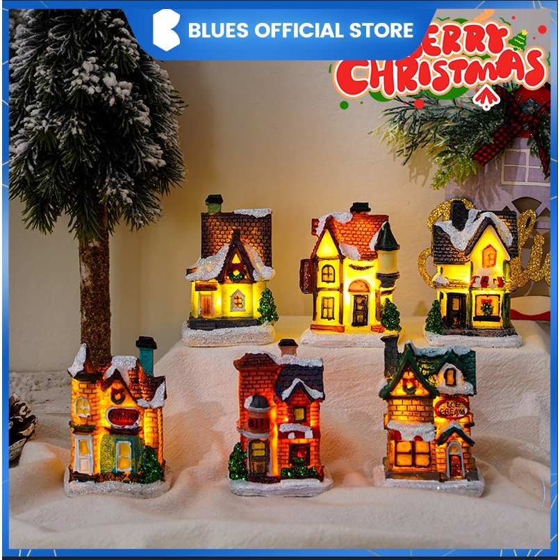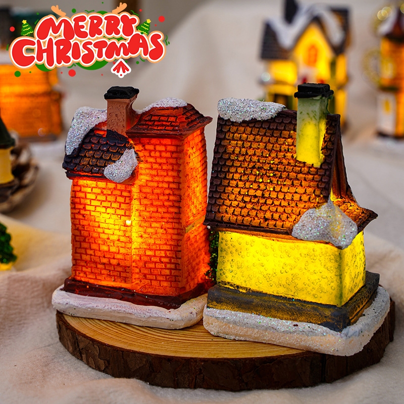Rumah Natal LED Snow House Resin Ornament Christmas Figurine Dekorasi Natal Xmas Miniature Craft
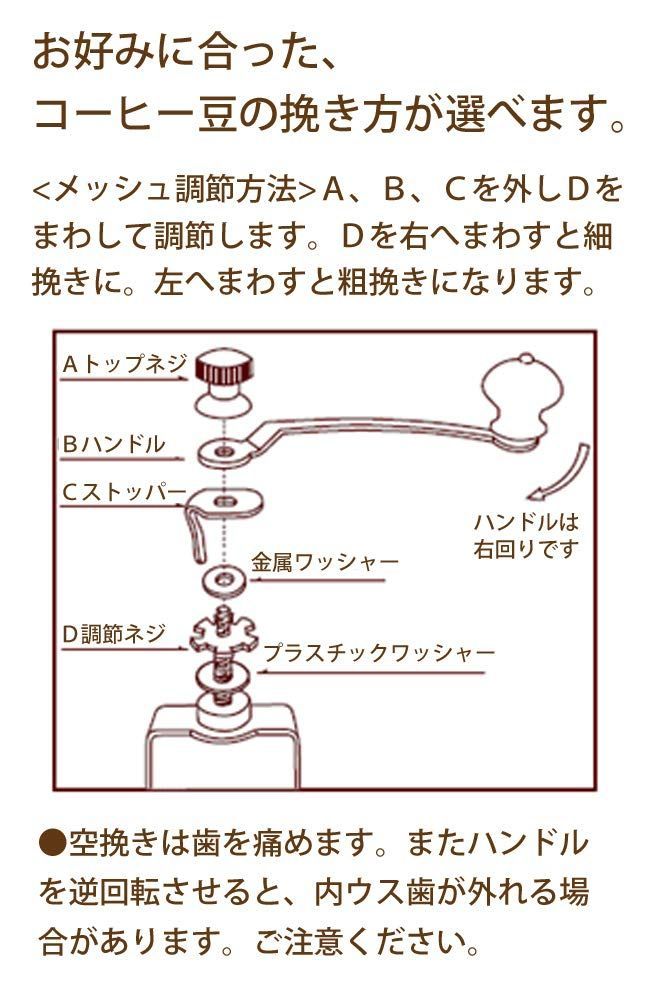 豆の挽き方にこだわるなら、手挽きミルシリーズがおすすめ そのスタイルはインテリアとしても十分にお楽しみいただける コーヒー豆を自分で挽く楽しさ。ハンドルをゆっくりと廻し、ゴリゴリとした音色と挽いているときの豊かな香りが部屋中に広がるのは至福のとき 挽きたてのコーヒーは味も香りも「格別」、いつものコーヒーが特別なコーヒーへ 特別な時間と安らぎが楽しめる コーヒー好きの方への贈り物にもお勧め
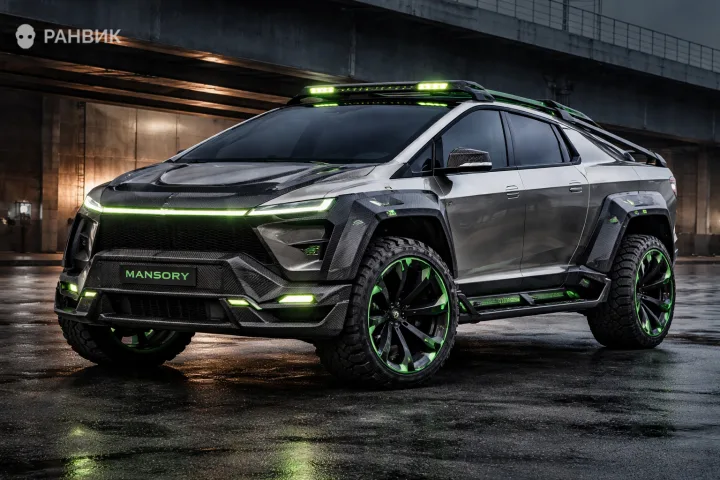 Агрессивный обвес из карбона, расширенные колесные арки и огромные внедорожные колеса с зелеными акцентами создают ощущение силы и сцепления. Неоновая зеленая подсветка спереди и по кузову работает как визуальный каркас, делая силуэт читаемым издалека.

┄┄┄┄┄┄

◆ **DESCRIPTION OF THE TASK**
Reproduce the material above verbatim; omit every picture.

◆ **EXERCISE SOLUTION**
Rumah Natal LED Snow House Resin Ornament Christmas Figurine Dekorasi Natal Xmas Miniature Craft
 豆の挽き方にこだわるなら、手挽きミルシリーズがおすすめ そのスタイルはインテリアとしても十分にお楽しみいただける コーヒー豆を自分で挽く楽しさ。ハンドルをゆっくりと廻し、ゴリゴリとした音色と挽いているときの豊かな香りが部屋中に広がるのは至福のとき 挽きたてのコーヒーは味も香りも「格別」、いつものコーヒーが特別なコーヒーへ 特別な時間と安らぎが楽しめる コーヒー好きの方への贈り物にもお勧め
 Агрессивный обвес из карбона, расширенные колесные арки и огромные внедорожные колеса с зелеными акцентами создают ощущение силы и сцепления. Неоновая зеленая подсветка спереди и по кузову работает как визуальный каркас, делая силуэт читаемым издалека.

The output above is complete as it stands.